I was looking for a easy way to know bytes size of arrays and dictionaries object, like

[ [1,2,3], [4,5,6] ] or { 1:{2:2} }

Many topics say to use pylab, for example:

from pylab import *
A = array( [ [1,2,3], [4,5,6] ] )
A.nbytes
24

But, what about dictionaries? I saw lot of answers proposing to use pysize or heapy.
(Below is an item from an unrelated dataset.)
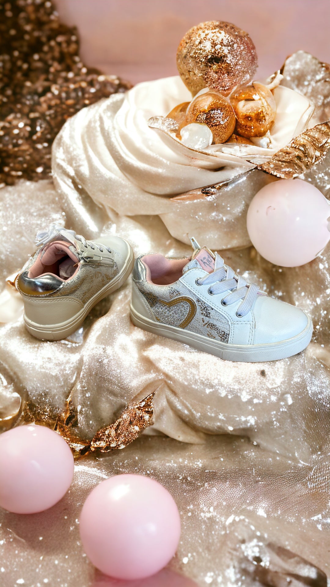 Te białe trampki są wykonane z wysokiej jakości materiałów, co zapewnia trwałość i wygodę noszenia. Brokatowe wstawki dodają im blasku i sprawiają, że są idealne na różne okazje – zarówno na co dzień, jak i na specjalne wyjścia. Zamek umieszczony z boku buta ułatwia zakładanie i zdejmowanie, co jest szczególnie praktyczne dla dzieci. Elastyczne sznurówki zapewniają idealne dopasowanie do stopy, co zwiększa komfort podczas użytkowania.
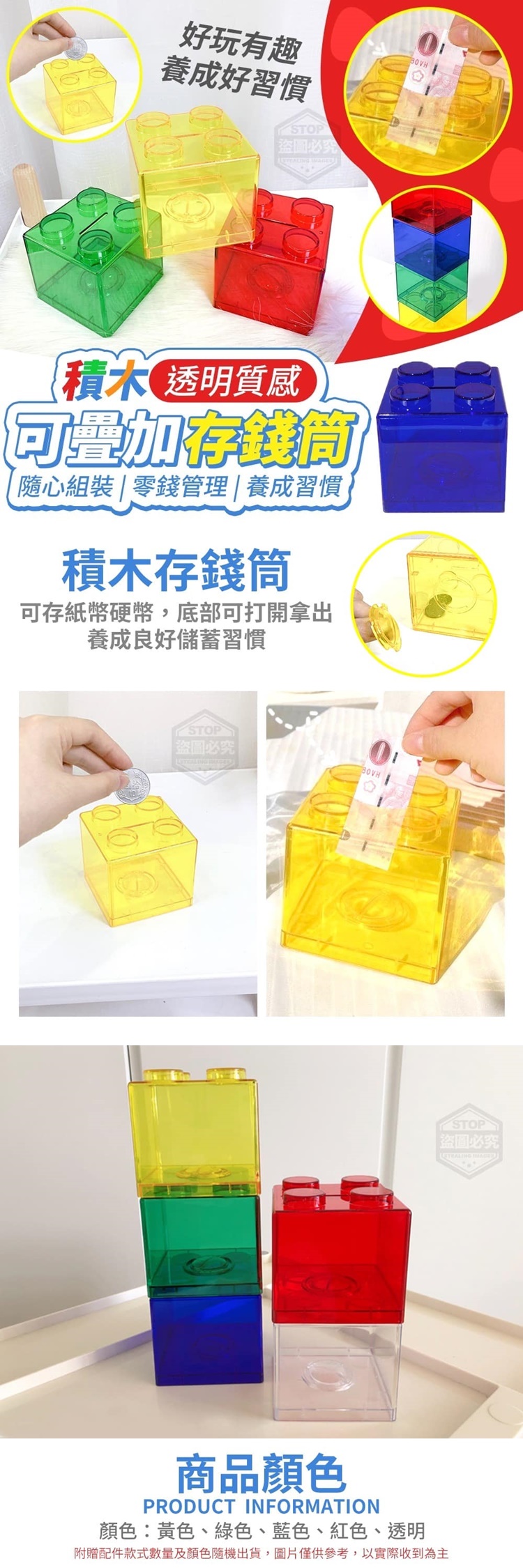 顏色隨機【商品尺寸】-8.8*9.2cm【商品顏色】-黃色、綠色、藍色、紅色、透明附贈配件款式數量及顏色隨機出貨,圖片僅供參考,以實際收到為主。【商品說明】-實用與玩樂兼具!讓孩子邊玩邊存錢~培養存錢好習慣!積木透明質感可疊加存錢筒可存紙幣硬幣,底部可打開拿出養成良好儲蓄習慣每個存錢罐都可以拼搭連接起來擺在家當裝飾品也是超級好看可疊加設計隨意疊加排列,有趣好玩透明質感內容物清晰可見堅固材質材質堅固耐用隨心組裝零錢管理養成習慣影片僅供參考使用方式所有配件以實際收到為主

An easy answer is given by Torsten Marek in this link: Which Python memory profiler is recommended?, but I haven't a clear interpretation about the output because the number of bytes didn't match.

Pysize seems to be more complicated and I haven't a clear idea about how to use it yet.

Given the simplicity of size calculation that I want to perform (no classes nor complex structures), any idea about a easy way to get a approximate estimation of memory usage of this kind of objects?

Kind regards.


Best Answer:


Use this recipe , taken from here:

http://code.activestate.com/recipes/577504-compute-memory-footprint-of-an-object-and-its-cont/

from __future__ import print_function
from sys import getsizeof, stderr
from itertools import chain
from collections import deque
try:
    from reprlib import repr
except ImportError:
    pass
def total_size(o, handlers={}, verbose=False):
    """ Returns the approximate memory footprint an object and all of its contents.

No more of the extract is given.